• **Task instructions**: Nothing but the lines below from the one containing "選手の背番号と名前、パピネス" through the one containing "The CLEAR &" should appear in the answer, exact and without pictures.

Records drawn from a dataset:
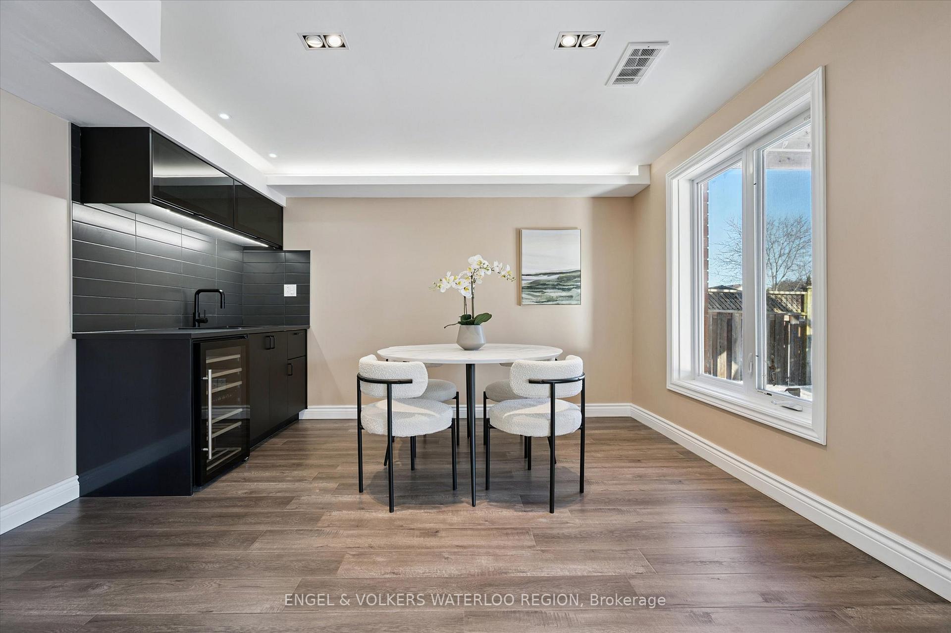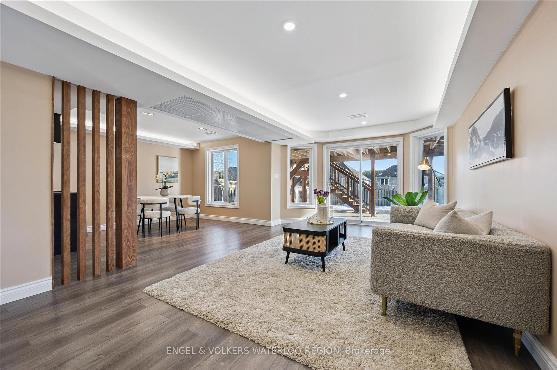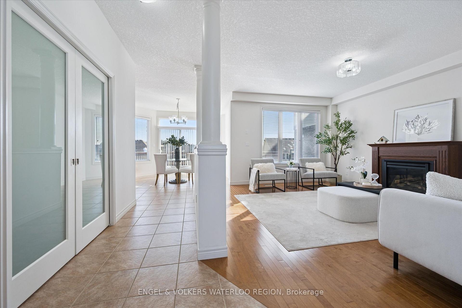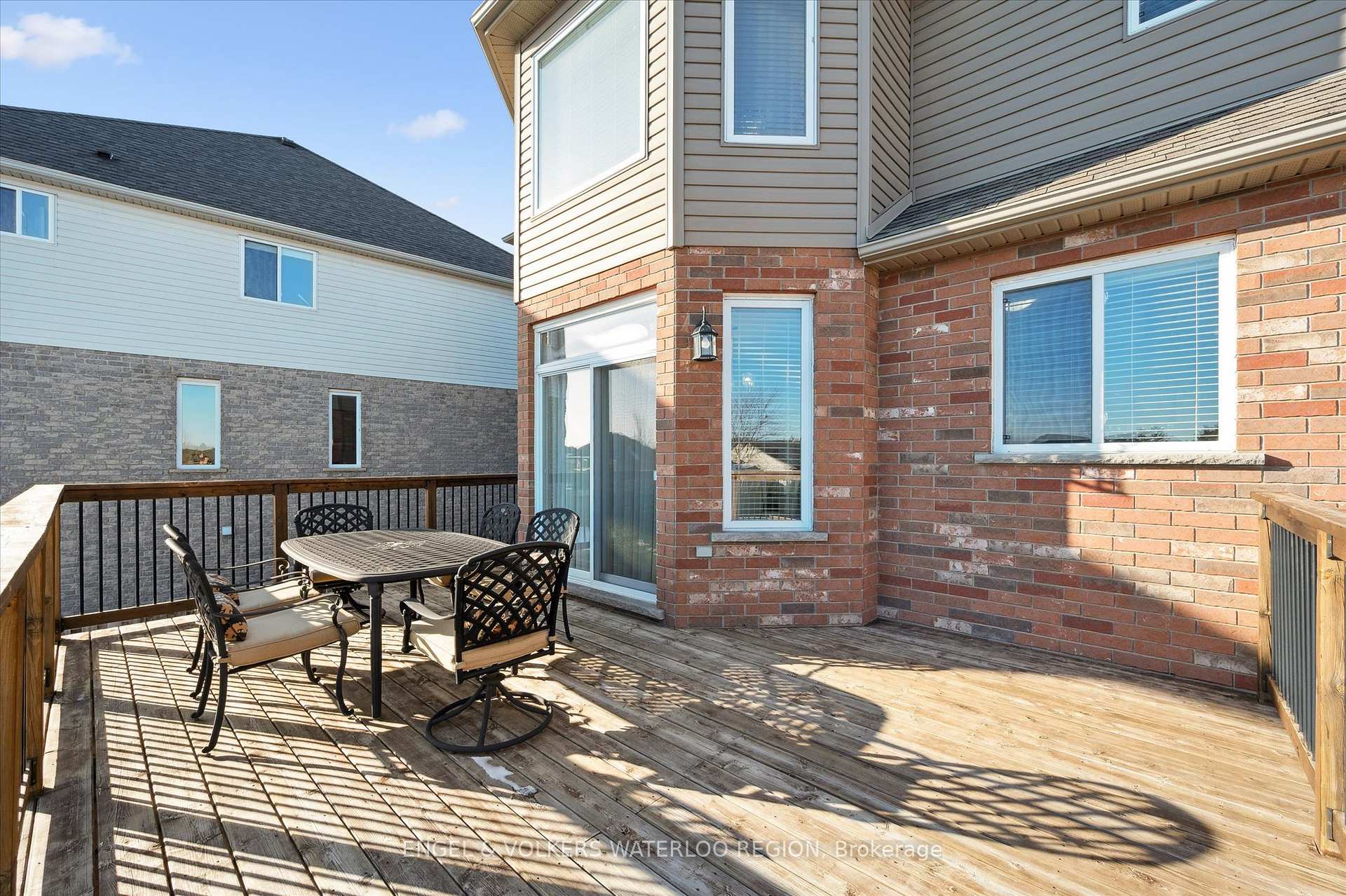 Nestled in one of Waterloo’s most sought-after neighbourhoods, this distinguished home in Conservation Meadows offers the perfect blend of elegance, comfort, and convenience. Situated on a quiet cul-de-sac, the property is thoughtfully maintained and beautifully appointed, showcasing exceptional curb appeal with its attractive exterior, double-car garage, concrete driveway accommodating four vehicles, and no sidewalk. Step inside to a bright and welcoming foyer featuring a soaring double-height ceiling and a walk-in closet. The main floor boasts 9-foot ceilings and a spacious, sun-filled living room with south-facing windows and a cozy gas fireplace. The generously sized kitchen is designed for both functionality and style, featuring abundant cabinetry, stainless steel appliances, and stunning quartz countertops. It opens seamlessly to the dining area, which overlooks clear, open views. Step outside to a large deck with stairs leading to an expansive concrete patio and a fully fenced, well-maintained backyard complete with manicured lawns and a solidly built shed. A versatile main-floor room with double doors offers flexibility as a private family room, home office, or formal dining room. A convenient powder room completes the main level. Upstairs, the primary bedroom is bathed in natural light from beautiful bay windows and features a walk-in closet and a 5-piece ensuite. Two additional well-sized bedrooms share a 4-piece bathroom. A second-floor laundry set adds everyday convenience. The fully finished walk-out basement significantly expands the living space, offering a large recreation room with a wet bar and dining area, a spacious bedroom with a study area and walk-in closet, a full 3-piece bathroom, an additional laundry set, and a cold room. Located just minutes from top-rated schools, shopping plazas, HWY 85, and the public library – walking distance to Conservation Park – this exceptional property offers more than just a home; it offers a lifestyle.
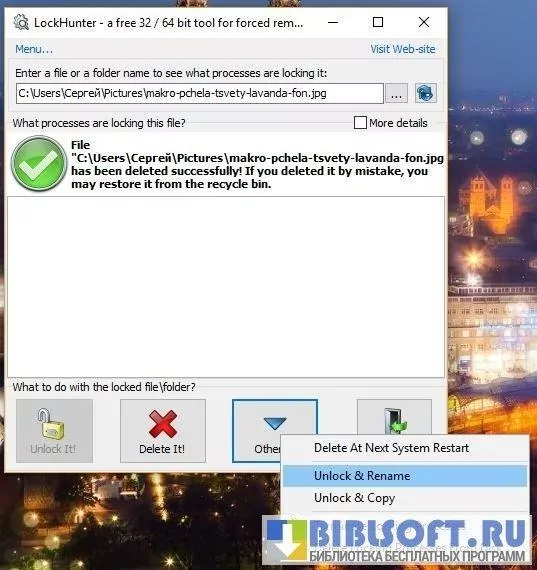 Независимо от причины блокировки файла LockHunter разблокирует его и даст возможность удалить, скопировать или переименовать.
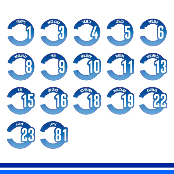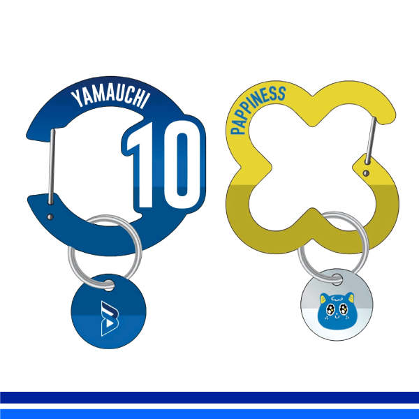 選手の背番号と名前、パピネスの四葉をアクリルカラビナキーリングで販売いたします!
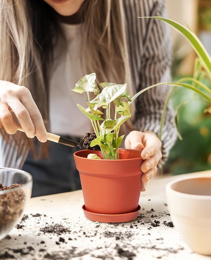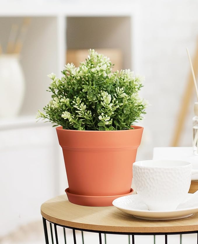 homenote Plant Pots,7.5 Inch Flower Pots for Plants Plastic Planters for Indoor with Multiple Drainage Holes and Trays, for All Home Garden Flowers Succulents,Outdoor(Terra Cotta,8 Pack)
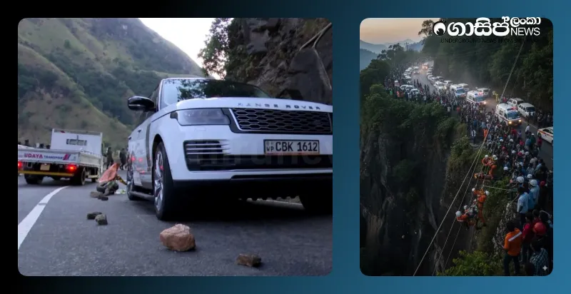 රේන්ජ් රෝවර් වර්ගයේ මෙම ජීප් රථය බස් රථයට ප්රතිවිරුද්ධ දෙසින් පැමිණ ඇති අතර අධික වේගයෙන් ආ බස් රථය
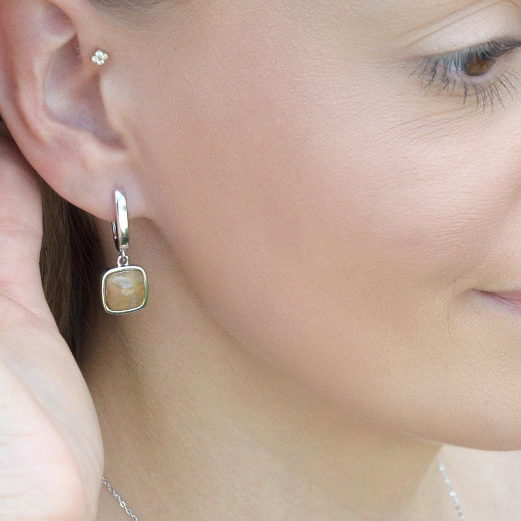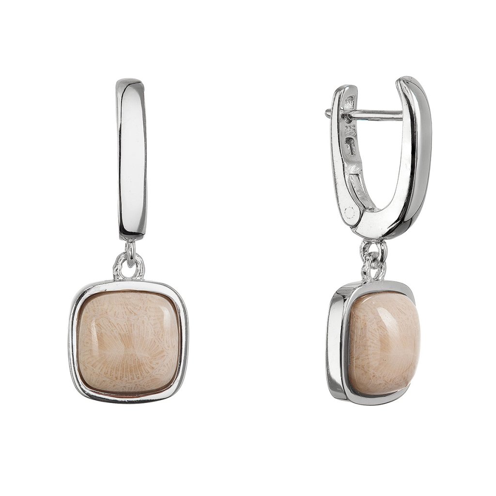 Stříbrné visací náušnice s fosilním korálem 11738.3
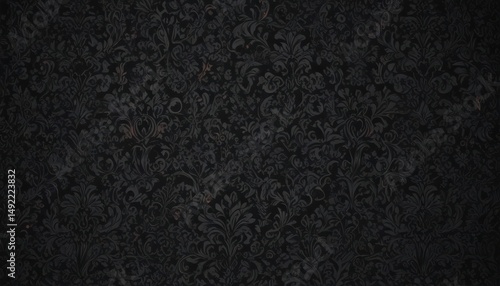 Intricate black damask wallpaper, seamless gothic floral vines , floral, scroll
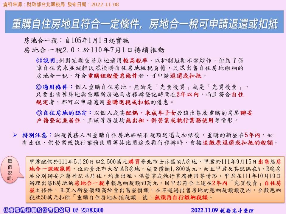 ◎說明:針對短期交易房地適用較高稅率,以抑制短期不當炒作,但為了保障自住需求並減輕民眾換購自住房地租稅負擔,民眾出售自住房地繳納的房地合一稅,符合 #重購租稅優惠條件 者,可申請退還或扣抵。
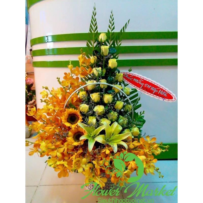Hoa chúc mừng giá rẻ với hoa chủ đạo là hoa ly, hướng dương, hoa hồng và hoa lan kết hợp với hoa lá phụ, cùng phụ kiện cao cấp kèm thông điệp lời nhắn mang ý nghĩa chúc mừng mọi sự tốt đẹp luôn đến với người thân, bạn bè, đồng nghiệp.
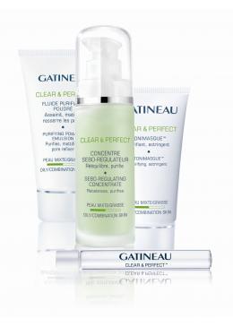 The CLEAR & PERFECT line was created so that people with combination to oily skin may re-discover the pleasure of healthy, velvety and soothed skin thanks to the GATINEAU SRP Complex™ (Sebo-Regulating – Pore refiner) which regulates sebum production and unblocks pores.
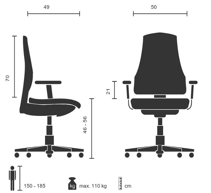Principales fonctions en un clin d'œil : rotation à 360 degrés et réglable en hauteur, fonction bascule (contre-pression pour le réglage du poids réglable avec bouton rotatif, placé sous le siège).
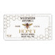 Ce étiquette de 3,75 po x 2 po (étiquette d'expédition) est une taille idéale pour un pot de miel de 12 onces de taille ronde ou hexagonale et a l'air superbe avec un couvercle en or. Le centre du étiquette est mis en forme pour s'adapter à la partie avant du étiquette hexagone ; le nid d'abeille apparaît sur les côtés droit et gauche avec le poids net sur la partie inférieure gauche du étiquette.
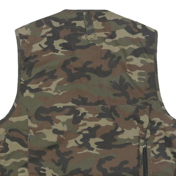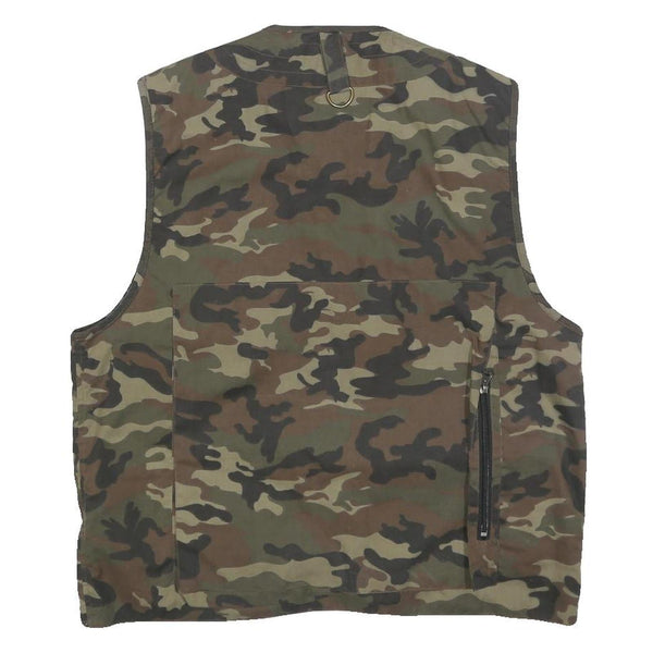 Mens Green Camouflage Cotton Zip Jacket Vest M Utility Pocket Outdoor Casual
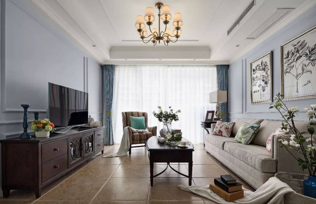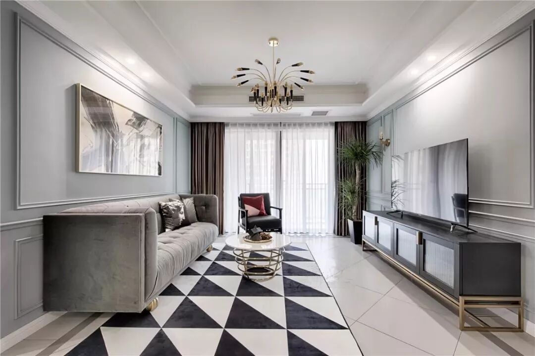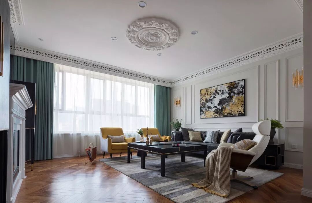 沙发墙与电视墙类似,通过加入边框线条来划分沙发墙的沙发、边几摆放位置,同时挂画的布置也可以结合整个墙面的边框造型来设计,这样让空间显得更有层次与档次感。
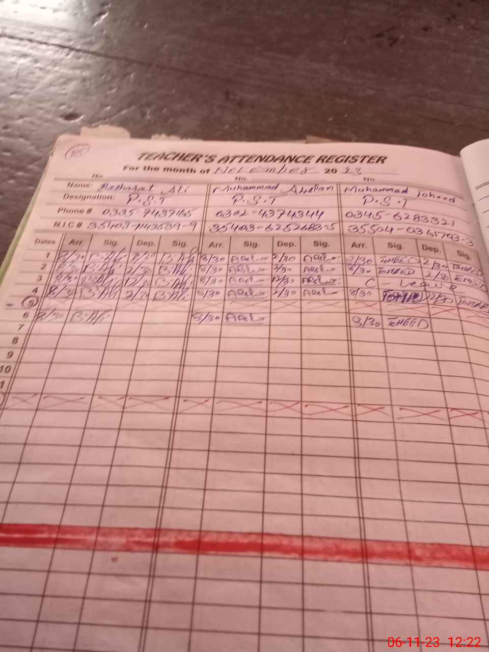| CNIC | Full Name | Designation | R/C | Absence during last cal. month |
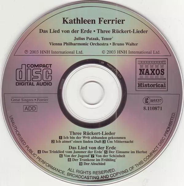 | Művész | Wiener Philharmoniker | Gustav Mahler | Bruno Walter | Kathleen Ferrier | Julius Patzak |
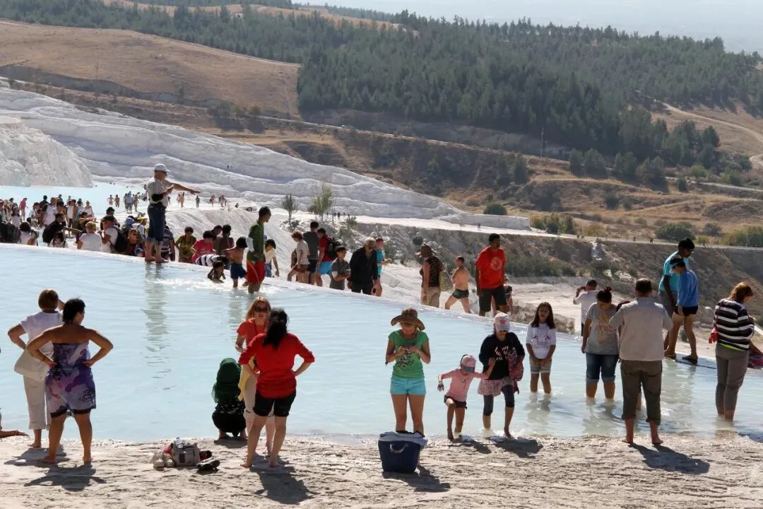 没想到现实非常骨感,什么白色天然钙化物景观,游客一扎堆拍照一看:这不就是巨型指压板吗,有温泉还不是一样“全民下饺子”?

• **Answer to this task**:
 選手の背番号と名前、パピネスの四葉をアクリルカラビナキーリングで販売いたします!
 homenote Plant Pots,7.5 Inch Flower Pots for Plants Plastic Planters for Indoor with Multiple Drainage Holes and Trays, for All Home Garden Flowers Succulents,Outdoor(Terra Cotta,8 Pack)
 රේන්ජ් රෝවර් වර්ගයේ මෙම ජීප් රථය බස් රථයට ප්රතිවිරුද්ධ දෙසින් පැමිණ ඇති අතර අධික වේගයෙන් ආ බස් රථය
 Stříbrné visací náušnice s fosilním korálem 11738.3
 Intricate black damask wallpaper, seamless gothic floral vines , floral, scroll
 ◎說明:針對短期交易房地適用較高稅率,以抑制短期不當炒作,但為了保障自住需求並減輕民眾換購自住房地租稅負擔,民眾出售自住房地繳納的房地合一稅,符合 #重購租稅優惠條件 者,可申請退還或扣抵。
Hoa chúc mừng giá rẻ với hoa chủ đạo là hoa ly, hướng dương, hoa hồng và hoa lan kết hợp với hoa lá phụ, cùng phụ kiện cao cấp kèm thông điệp lời nhắn mang ý nghĩa chúc mừng mọi sự tốt đẹp luôn đến với người thân, bạn bè, đồng nghiệp.
 The CLEAR & PERFECT line was created so that people with combination to oily skin may re-discover the pleasure of healthy, velvety and soothed skin thanks to the GATINEAU SRP Complex™ (Sebo-Regulating – Pore refiner) which regulates sebum production and unblocks pores.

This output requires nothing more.